NOVICE -- accessing a professional development organization

 

1.  Access the OCC (Online Curriculum Centre) of the IBO.  There is a link to it on the IBO/PYP tab of the East Campus Teachers webpage.  Login using the School Code, Username, and Password that was provided to you by our PYP Co-ordinator.  (If you don't know what to enter, you know who to ask!)

2.  Click on "Forums" on the left-hand side of the screen.  Select a Forum of interest to you and have a read.   (NB: The IBO is in the process of re-designing the OCC into something called the Digital Space Initiative.  Don't worry if you hate the interface -- everyone does.  Let's hope it gets replaced soon.)  This exercise is just to show you what professional development conversations are available to you via the IBO / OCC.

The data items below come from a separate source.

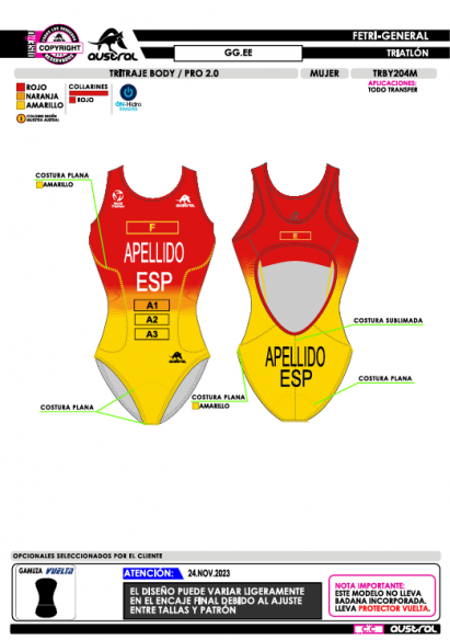 Revise bien la información incluida. La misma será trasladada a las prendas en los mismos términos no siendo Austral responsable de los errores ortográficos o de normativa. Se aplicará la normativa específica de cada deporte para las competiciones nacionales.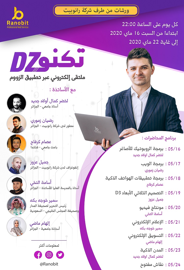 تنظم شركة ” رانوبيت ” المتخصصة في تكنولوجيا المعلومات ومقرها بعين وسارة بولاية الجلفة الجزائرية يوم السبت المقبل ملتقى تكنوDZ –عن بعد- بسبب جائحة ” كورونا” المنتشرة هذه الأيام في العالم .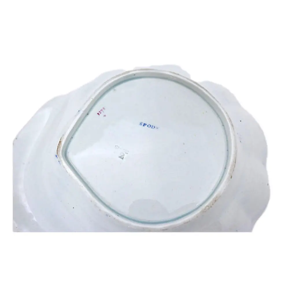Antique Spode serving dish with hand-enameled coloring and gilding. Maker's mark on underside. Light wear, flakes to color on edge.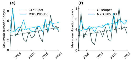 The degree that the identified events align in terms of climatology and trends can further be seen in Figure 3a–d, which presents annual (summer season) metrics (number of events and days) for heatwaves and LST anomalies (MXD_P85_D3). It is evident that the derived LST anomalies largely follow the aggregate climatology of the region with a strong agreement on a year-to-year basis. Notable extremes, such as the 2003 European heatwave, are also well reproduced. Additionally, the average length of the longest event per year (Figure 3e,f) shows coherence between LST and Tair, except for a slight overestimation for MXD_P85_D3 in a few of the years. For both heatwaves and LST anomalies, statistically significant (p < 0.05) rising heatwave metric trends were observed, indicating that extreme hot days are becoming more frequent and persistent. For daytime (nighttime), heatwaves exhibit increasing trends of 1.65 (1.52) days/dec in frequency between 2002 and 2020; LST anomalies increased at a similar rate, 1.35 days/dec for daytime and 1.64 days/dec for nighttime. It is worth noting that the rising trends and the alignment between the two approaches were quite robust regarding the choice of the base period for heatwave detection. As expected, however, the computed values for trends are shaped by the base periods; e.g., computing heatwaves using the reference period 2002–2020, a statistically significant positive trend for HWF of 0.92 (0.75) days/dec for daytime (nighttime) was found.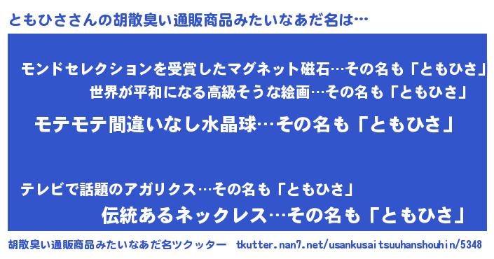 | 男性向けラノベタイトル風あだ名 | 『ともひさに滅ぼされるだけの簡単なお仕事です』 |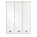 The modern wooden wardrobe is designed to be a timeless addition to your interior decor. The wardrobe, made of solid pinewood, is very sturdy. The clothes cabinet has 2 drawers and 5 shelves, providing ample space for keeping smaller items organised and within reach. It has a large compartment equipped with a hanger bar so you can use it to hang trench coats, dresses, etc. The closet is easy to assemble. The bedroom cabinet is also easy to clean with a dry cloth.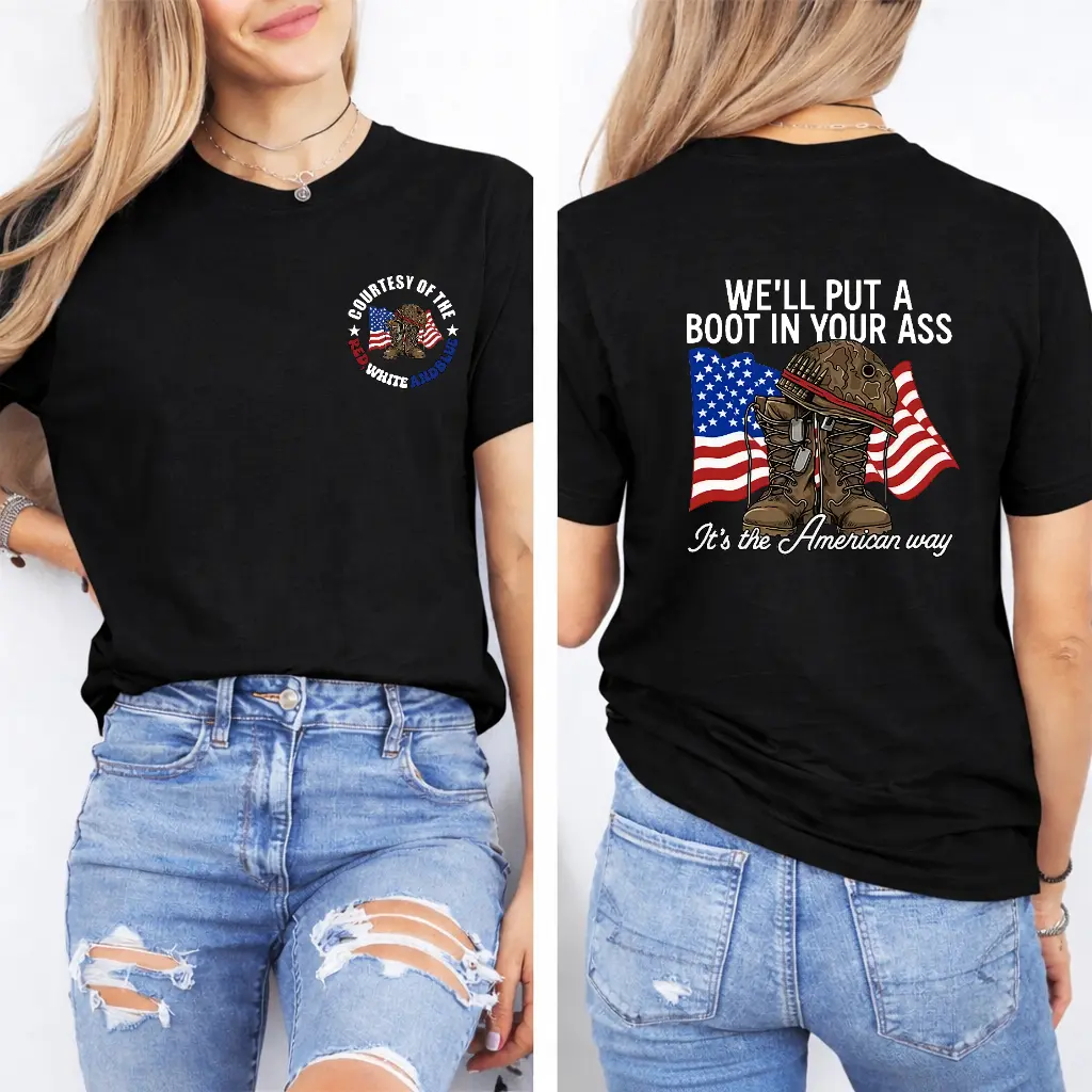 T - shirt with "WE'LL PUT A BOOT IN YOUR ASS" slogan, American flag & military boot graphic, front "CONTEST OF THE RED WHITE AND BLUE" design

3.  Send one of us an e-mail telling us what you thought of the website and whether you found anything of interest to you.  If you want to subscribe to any forum, you can do so by clicking on the "Profile" option and then "Personal Options".  You can then subscribe to receive email updates when your chosen forums have new activity.

4.  Alternatively, access the moodle of the ECIS (European Council on International Schools) -- which is called iSkoodle.  There is a link on the PD Organizations & Conferences tab of the East Campus Teachers webpage.  Find a forum of interest (note: forums are called "Courses"), sign up for it, and have a read.  (Don't worry -- you can unsubscribe from any "course" you sign up to.)  Again, send us an email letting us know if you found anything good.

 

APPRENTICE -- exploring RSS feeds and Twitter

 

1.  Watch the CommonCraft video on RSS feeds embedded above.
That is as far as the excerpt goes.